The part i don't understand is: How did we get dv/ds by applying the chain rule? What does the derivative of Velocity with respect to distance even men? Usually it's ds/dv and not dv/ds.

 

[Orodruin]

The part i don't understand is: How did we get dv/ds by applying the chain rule?

Yes, s is a function of t and (as long as it is invertible) you can therefore write v as a function of s.

What does the derivative of Velocity with respect to distance even men?

What do derivatives usually mean?

 

[christian0710]

Yes, s is a function of t and (as long as it is invertible) you can therefore write v as a function of s.What do derivatives usually mean?

Thank you for the reply
invertible derivatives is new for me, So i assume it means the change in velocity with respect to distance but don't really see a) how it works out in practice and b) why you can just do that (there was no proof in the book):
if velocity is v=2t then s=1t^2 +Vo so a=v*dv/ds =2t(dv/ds) but how do you find dv/ds?

 

[Orodruin]

but how do you find dv/ds?

This would depend on the information you have at hand.

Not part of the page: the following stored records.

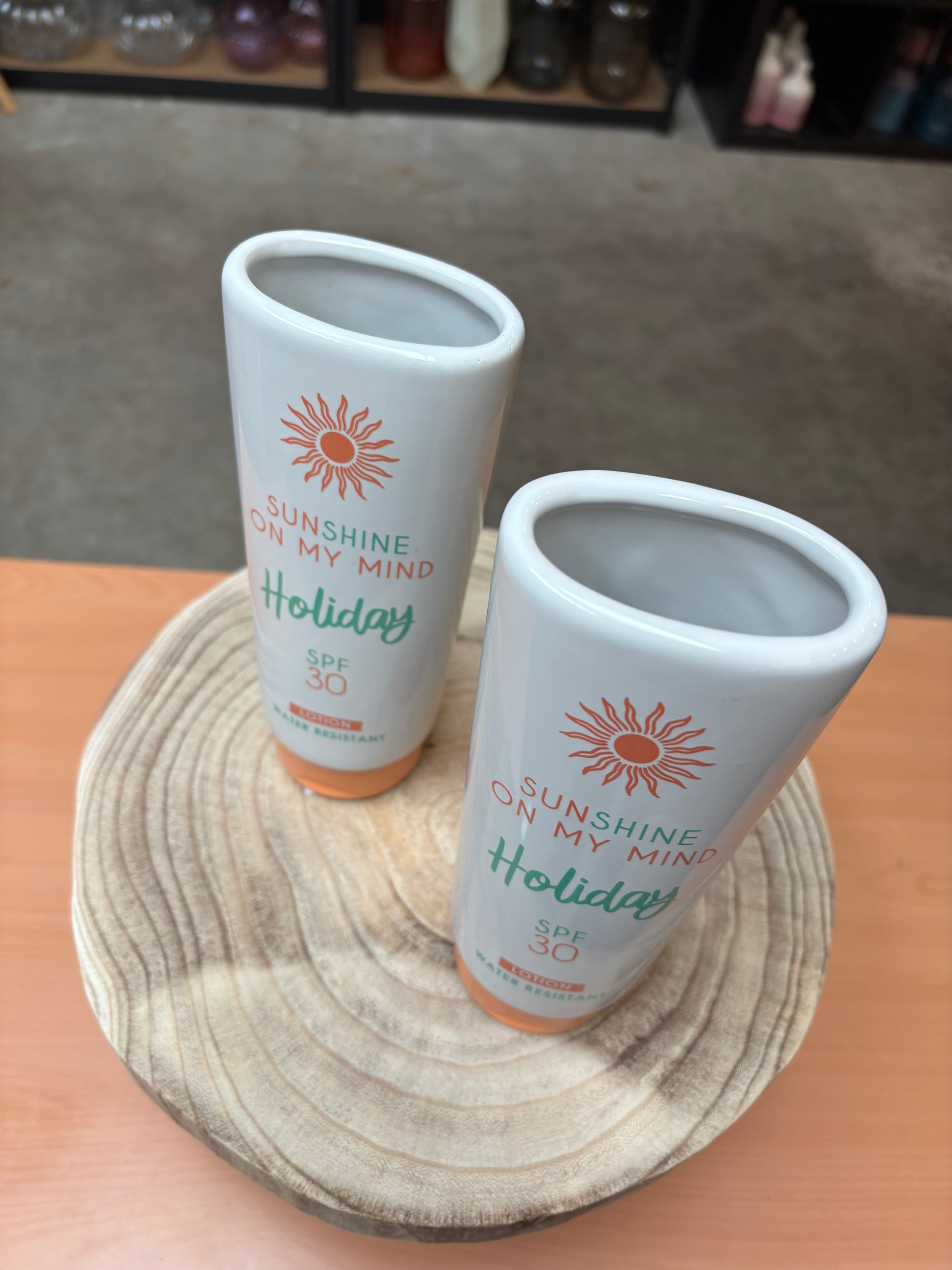 Vaas met het uiterlijk van een zonnebrand fles.
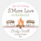 S'More Love design para revelação ou chá de fraldas de gênero de fogueira. Pequenos S'mores têm arco rosa pincelado e gravata verde de arco.
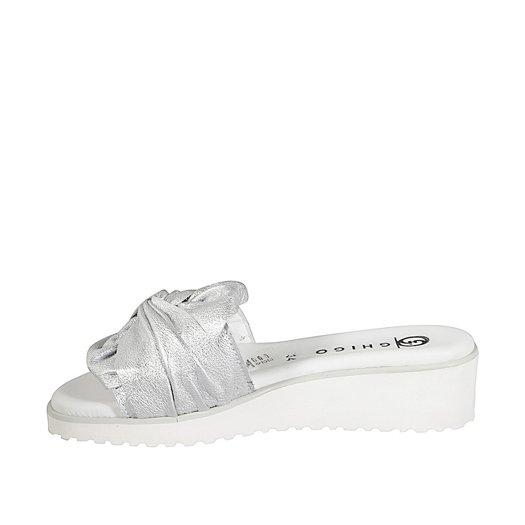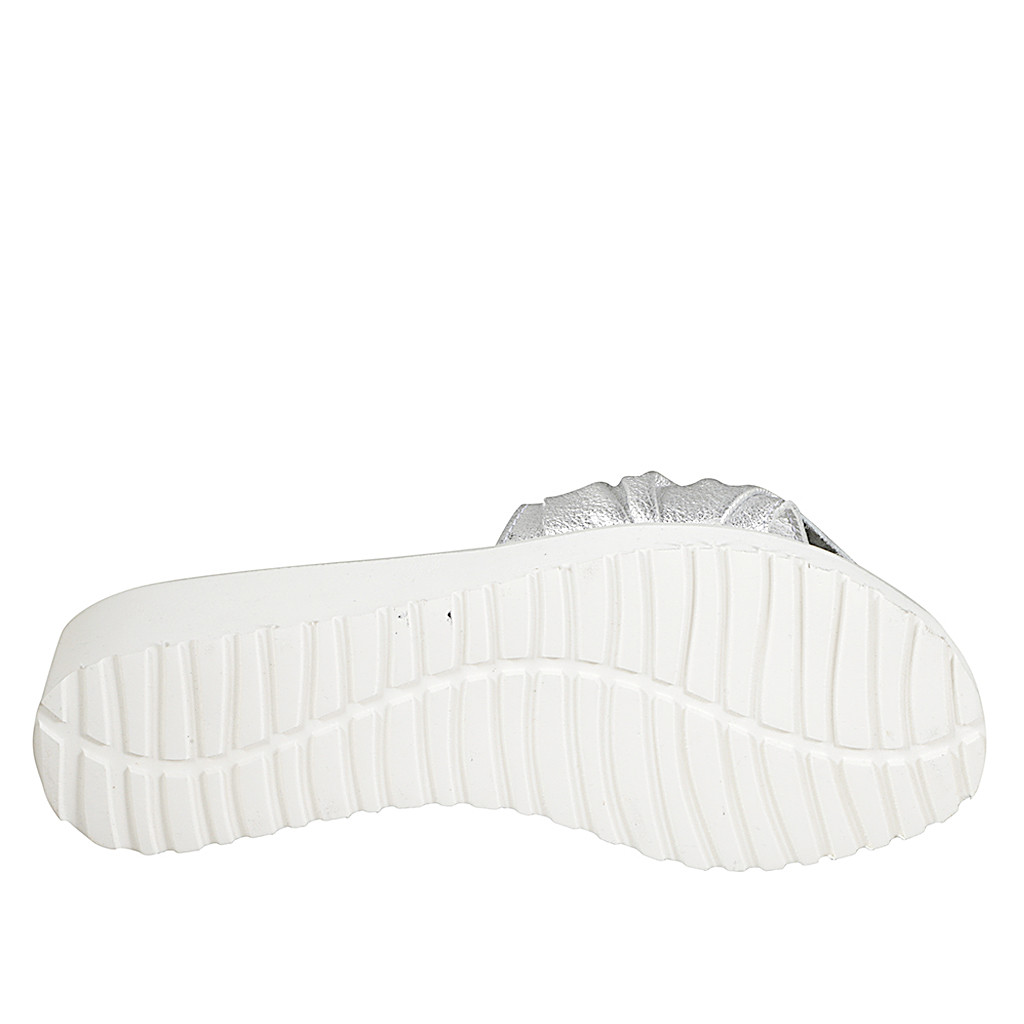 Geschlossene Damenpantoletten mit goldenem Accessoire aus schwarzem Leder und Absatz 1

If you have v as a function of s, you would simply perform the derivative.

 

[tommyxu3]

Sometimes the relation between $v$ and $s$ is more useful than that between $v$ and $t,$ while the latter is more often used for it illustrates $a.$

 

[GiuseppeR7]

some times you may want to realize that V is a function of S that is of course a function of t

V=V(S(T))
so taking the derivative (with respect to t) you are going to obtain:
a=(dV/dS)V

there is nothing deeper than this! The general chain rule is: having

g=g(h(x))

g'=g'(h(x))h'(x)